Dans la nuit, vers 4h, les voisins de la villa ont été réveillés par des bruits de chocs étranges, avant d’entendre un cri de douleur, puis d’être alertés par les trois chiens de la sexagénaire et de sa fille qui ont longuement aboyé. Au point que pensant à un cambriolage ou à une agression, le voisin est sorti dans la rue.

La fille n’a rien vu, ni rien entendu

Comme il n’a rien constaté d’anormal devant la villa mitoyenne et que le calme était revenu, il a regagné son lit. Ce voisin et sa femme sont formels : il faisait nuit noire quand ils ont été brutalement tirés de leur sommeil en attendant le ramdam dans la maison de la sexagénaire et de sa fille, achetée à deux. La défense de la quadragénaire tente de mettre le doute en indiquant qu’il était en réalité 6h30. Et que le meurtre s’est déroulé après son départ.

La version de la fille de la retraitée fait état qu’elle s’est réveillée à 6h30 ce matin-là pour se préparer à partir au travail à La Grande-Motte, que sa mère était en vie et que les trois chiens ont aboyé. Qu’elle ne les a jamais entendu aboyer plus tôt dans la nuit, où elle n’a pas, non plus entendu de bruit suspect, comme un cambrioleur qui serait venu visiter la villa, ouvrir le sac à main et voler le portable de sa mère, sans rien emporter d’autre et sans être mordu par les chiens…

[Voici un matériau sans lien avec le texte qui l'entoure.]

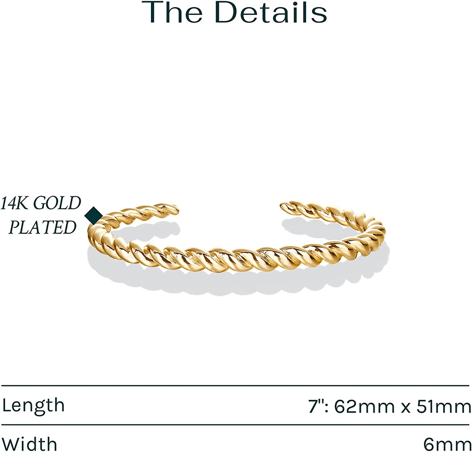 A twisted, trendy design to wear with a little black dress or a sweatsuit. A luxe looking, 14K gold plated bracelet that is perfect to put on everyday.

Alors qu’elle se trouvait bien dans la villa, seule en compagnie de sa mère, elle n’a donc rien vu, ni rien entendu. Comment expliquer alors qu’aucune trace d’effraction n’a été relevée. Comment dès lors, le cambrioleur devenu meurtrier pour un téléphone portable a t-il pu rentrer et s’enfuir de la maison ? L’autopsie a révélé que le décès était antérieur à 6h30, qu’il remontait au milieu de la nuit.

Violence inouïe

Les médecins légistes de l’Institut médico-légal du CHU Lapeyronie de Montpellier ont établi un rapport indiquant que la sexagénaire a été tabassée à coups de poing et de pied : plusieurs côtes fracturées, visage déformé, hématomes sur diverses parties du corps. Une violence inouïe.

La retraitée se trouvait dans son lit, quand elle a été rouée de coups, puis, étouffée avec un oreiller, avant d’être étranglée à mains nues. Sur la taie d’oreiller du lit de sa mère, les gendarmes scientifiques ont isolé l’ADN de sa fille… L’enquête atteste que la mère et la fille se disputaient régulièrement pour, notamment un litige financier. Ce serait le mobile pour l’accusation, ce que contestent la matricide présumée et son avocat.

Libre désormais, la quadragénaire doit respecter un contrôle judiciaire strict durant l’instruction, qui se poursuit activement.